Dr Steven Heymsfield, professor of metabolism and body composition, and Dr M. Cristina Gonzalez, adjunct professor in metabolism-body composition, both of Pennington Biomedical Research Center joined colleagues Dr Carla Prado of the University of Alberta, and Dr Stuart Phillips of McMaster University on authoring the commentary, titled “Muscle Matters: The Effects of Medically Induced Weight Loss on Skeletal Muscle.”  

The authors emphasise that muscle loss, as measured by decreases in fat-free mass, can account for 25 to 39% of total weight lost over a period of 36 to 72 weeks. This rate of muscle decline is significantly higher than what is typically observed with non-pharmacological caloric restriction or normal aging and could lead to unintended negative health consequences. 

Despite the promising metabolic benefits associated with GLP-1 receptor agonists, including improvements in fat-to-fat-free tissue ratios, the potential adverse effects of muscle loss are gaining attention. Skeletal muscle plays critical roles not only in physical strength and function but also in metabolic health and immune system regulation.  

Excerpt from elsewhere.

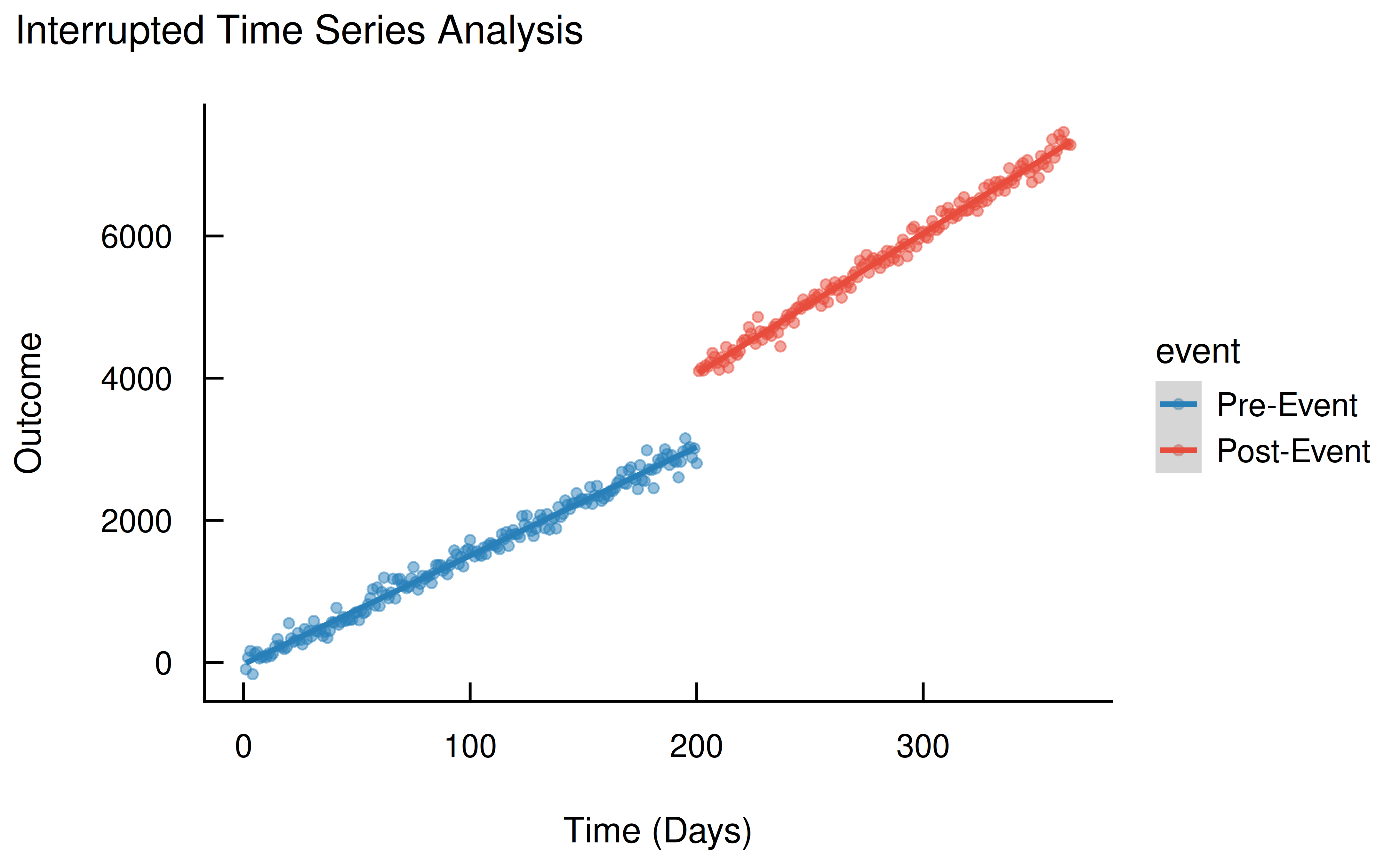 labs(title = "Interrupted Time Series Analysis", x = "Time (Days)", y = "Outcome") +

A decline in muscle mass has been linked to decreased immunity, increased risk of infections, poor glucose regulation, and other health risks. The authors suggest that muscle loss due to weight reduction may exacerbate conditions like sarcopenic obesity, which is prevalent among individuals with obesity and contributes to poorer health outcomes, including cardiovascular disease and higher mortality rates. 

While the short-term effects of muscle loss on physical strength and function remain unclear, the commentary calls for future research to explore how reductions in muscle mass might improve muscle composition and quality. The authors stress the need for a multimodal approach to weight loss treatment, combining GLP-1 receptor agonists with exercise and nutritional interventions to preserve muscle mass. 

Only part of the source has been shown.